If your symptoms of low motivation continue for more then 2 weeks it is important to talk with your GP for a full assessment.

You can contact Pear Tree Family Practice and ask for an urgent appointment. If the practice is not open please contact the Acute Crisis Intervention Service on 13 14 65. This is available 24 hours a day, 7 days a week.

The Urgent Mental Health Care Centre is located at 215 Grenfell Street, Adelaide and available 24 hours a day, 7 days a week. They can be contacted on 8448 9100.

It is important to normalise that sometimes we will feel anxious and that it is important to talk kindly to ourselves when this is happening.

Encourage your child to try tasks and activities which make them anxious, but allow them to make the decision.

Let your child take risks and don’t assist until they are feeling anxious.

Provide encouragement if you child tries or does something they feel anxious about. 

Do not criticise them or label that as “anxious”

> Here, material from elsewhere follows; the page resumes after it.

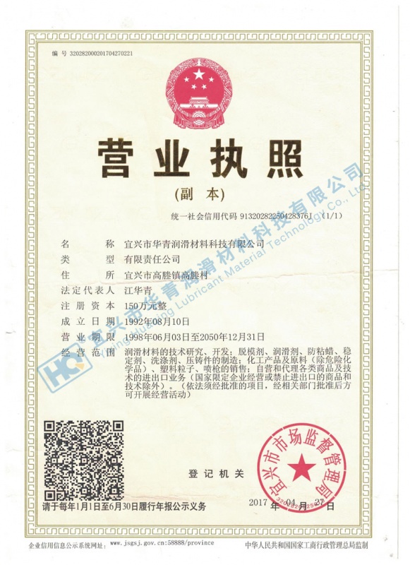 于1992年創立于宜興,2007年公司更名為宜興市華青潤滑材料科技有限公司,是一家集研發、生產、銷售于一體的專業性金屬加工耗材企業。專業生產被覆劑,壓鑄脫模劑,壓鑄脫模劑廠家,鍛造脫模劑,金屬切削液,鋁合金切削液等壓鑄耗材、金屬加工耗材,產品廣泛應用于加工中心、壓鑄、鍛造等領域。

Encourage Brave Behaviour and attempting activities or situations that make them feel anxious.

Encourage them to talk positively to themselves when they are feeling anxious

Encourage them to ask for support if they need help with a project or situation

Encourage them to engage in physical and social activity rather than being alone at home worrying

Spent time with your pre-teen and teenager and incorporate activities they find relaxing eg reading, listening to music, craft

Educate them about the impact of alcohol, caffeine and drugs on their anxiety and mood

Avoiding completing tasks at the last minute, so that there is not additional pressure

Encourage healthy food choices.  Have a variety of healthy foods in the fridge and pantry as well as cooking nutritious meals. 

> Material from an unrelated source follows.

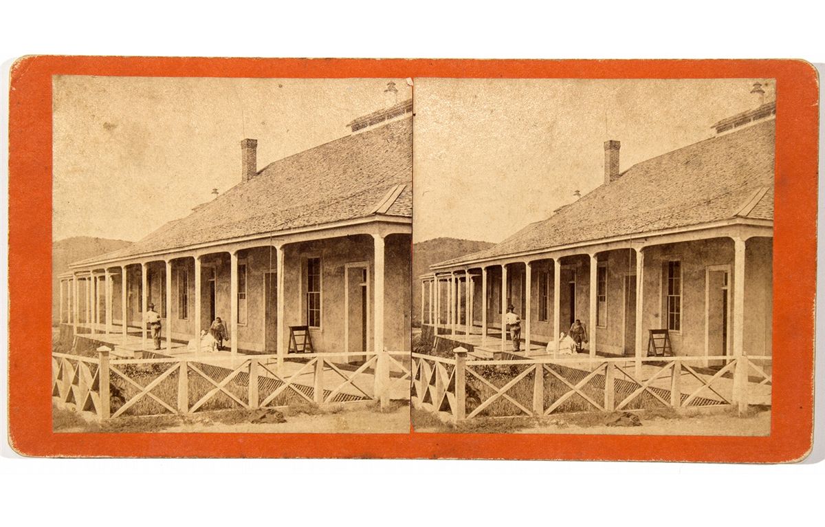 c1864 The famous Fort Whipple Hospital is depicted in the rare stereo card. The card does display age fade, with minor yellowing and a few tiny stains. Overall it is in very good condition, with good clarity. Fort Whipple was established in 1864, and was the Arizona Territory's capitol prior to the founding of Prescott. It was closed in 1913, but became a Military Hospital, used throughout WWI and WWII. Bud Bassett Collection - HKA#65572

Regular physical activity improves mood and reduces anxiety.  A brief walk together or with a pet will make a difference.

Focus on a good sleep routine and getting enough sleep.  Teenager’s body clock naturally shifts so that they want to stay up later at night and sleep in longer.  Depression can make it harder to fall asleep and relaxing activities before bed will help.  Avoiding screen time in the hour before bed also helps promote melatonin production.  Melatonin is the body’s hormone that promotes sleep. 

Educating your child that using alcohol and other drugs to dull their feelings will only make everything worse.    

Suggest a diary or journal that may make it easier for them to record their feelings rather than saying them aloud.

Reduce conflict in the house about other matters where possible

Share meals together as a family

Participate with them in activities they enjoy such as music, reading, movies or craft.